At the pre-school, elementary and secondary school level, the ADA will cover school programs that are not necessarily covered by an IEP for a student. If a program is not covered by an IEP, then, for that student, the program will not be covered by IDEA. Thus, the ADA supplements the rights of students with disabilities who are covered by IDEA.

 IDEA does not cover anything beyond the secondary school level, but the ADA would. As a result, the ADA, along with section 504, offers students with disabilities rights which they would otherwise not have at the college level, or in other post-secondary settings. Return to Top

The Committee on Special Education

            The name, Committee on Special Education (CSE), would seem to imply that this committee is something high level. In reality, each student classified as having disabilities under IDEA has a unique committee which is supposed to meet at least once per year to establish or revise an Individualized Education Plan (IEP) for that student.

            The membership of a committee for any particular student is flexible, depending on the needs of the student and the existing placement. A committee could include a representative of a private school, if the student has been placed in a private school. Generally, the members of a committee are (1) the parents of the student with disabilities; (2) at least one regular teacher of the student; (3) at least one special education teacher of the student; (4) a school district representative who is an expert on special education, and knowledgeable about the general curriculum and special education resources available to the school district; and (5) if another member is not already able to fill this role, an expert able to help interpret evaluation results. In New York State, there is suppose to be a permanent parent member of the committee, but the parent of the student with disabilities may ask to have this parent member excluded. If the student is willing and able to participate, the student with disabilities is also a member of the committee. Student participation is particularly helpful and desired when planning transitional services.

More importantly, IDEA requires that the parent members and, to a lesser extent, the regular teacher members of the committee be given a meaningful opportunity to participate. Other procedural safeguards assure that parents, in particular, will have real input into the process of classifying their child, and designing a program that will meet the needs of the child. Return to Top

Individualized Education Plan (IEP)

            An Individualized Education Plan (IEP) is essentially the master plan for the education of a student with disabilities. The committee on special education is responsible for developing IEPs. IEPs are not imposed by school districts. Rather, they are the result of a collaborative process in the committee on special education, which is suppose to take into consideration the input of both parents and teachers of the student with disabilities. An IEP must be developed or revised for each student with disabilities each academic year. It is through the IEP that school districts provide students with disabilities a free appropriate public education.

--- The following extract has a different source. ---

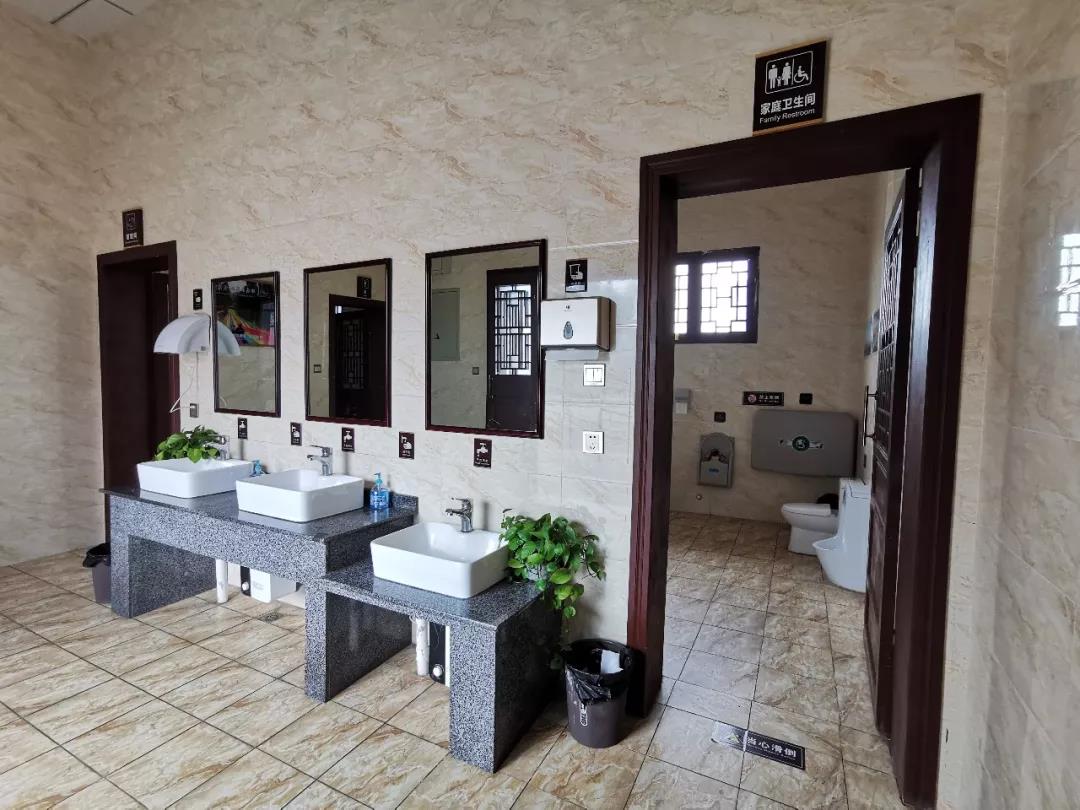 在田錫水景公園,這裡的公廁以木結構加小青瓦為主,整體為中式復古風格,與周邊的環境相映襯,完美融入了水景公園中。除了與公園環境相映生輝的外觀,內部細節也頗具匠心。乾淨整潔,配套齊全,仿古燈具、木質門窗......營造出古色古香的氛圍,更能讓遊人體會到貼心,舒心。

Under IDEA, an IEP is the product of a careful and detailed evaluation of a particular student. In other words, there are not suppose to be standard IEPs. The process is suppose to take into account all information concerning the student which may be relevant, including the results of tests and the reports of evaluations by appropriate experts. School districts must perform an evaluation at least once every three years to assist in determining whether any changes in the IEP are required, but parents may request a new evaluation as often as once per year.

If the parents disagree with the evaluation conducted by the school district, the parents may request an independent educational evaluation (IEE). The independent educational evaluation is conducted at the expense of the school district, unless the school district can show at a hearing that an independent evaluation is not necessary. Even if a hearing officer decides that the independent educational evaluation should not be at the expense of the school district, the parents may still have an independent evaluation conducted at their expense, and the committee must consider the results of that independent educational evaluation in developing an IEP.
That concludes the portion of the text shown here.